Variations in the Origin and Course of Right Hepatic Artery and its Surgical Significance AC01-AC04

Narayana Perumal Mugunthan, Rajendran Kannan, Christilda Felicia Jebakani, Jayaram Anbalagan

Dr. Narayanaperumal Mugunthan,
Associate Professor, Department of Anatomy, Mahatma Gandhi Medical College & Research Institute,
Pillaiyarkuppam, Puducherry, Pincode -607402, India.

Introduction: Variations in the Right Hepatic Artery (RHA) are exceedingly common and these variations are of great importance to surgeons and interventional radiologists. A thorough knowledge of the right hepatic arterial anatomy is mandatory while performing hepatic surgery and hepatic arteriography.

Aim: To find out the variations in the origin and course of the RHA and its surgical significance.

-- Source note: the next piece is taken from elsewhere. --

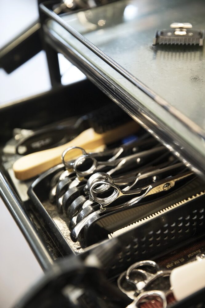バーバーキングは、オーナーの清水氏を筆頭に職人気質なスタッフが揃う。そのため、どんなに忙しい時でも、ハサミなど仕事道具が美しく収納されているのが好印象だ。

Materials and Methods: This study was conducted in 60 embalmed adult cadavers of both sexes of age group between 50 to 80 years. Abdomen was opened by a linear midline incision extending from the xiphoid process to the pubic symphysis. The origin of RHA from the proper hepatic artery was traced. The presence of aberrant right hepatic arteries -replaced and accessory were noted. The source of origin of accessory or replaced RHA arising from the superior mesenteric artery (SMA), right renal artery and inferior mesenteric artery was traced. The course of normal and aberrant RHA from its origin to the entrance into the right lobe of the liver was followed and structures related to it were noted.

Results: The RHA mostly originated from the main trunk of the proper hepatic artery in 52 specimens (86.6%). Presence of aberrant RHA was found in 8 specimens (13.3%). Among 8 specimens of aberrant RHA, replaced RHA arising from SMA was found in 5 specimens (8.3%) and accessory RHA arising from SMA was observed in 3 specimens (5%). In 86.6% of specimens, the RHA coursed dorsal to the duct system to enter the Calots triangle. In 8.3% of specimens, the RHA coursed ventral to duct system to reach the Calots triangle. The caterpillar like loop of the RHA was found in two specimens (3%). The replaced and accessory RHA (13.3%) arising from the SMA had a course dorsal to duct system to reach the Calots triangle.

Conclusion: Right hepatic artery is subject to anatomical variation in its origin and course. Our study identified the variations in the origin and course of right hepatic artery. Adequate knowledge of these variations would be of incredible help to the hepatobiliary surgeon and interventional radiologist.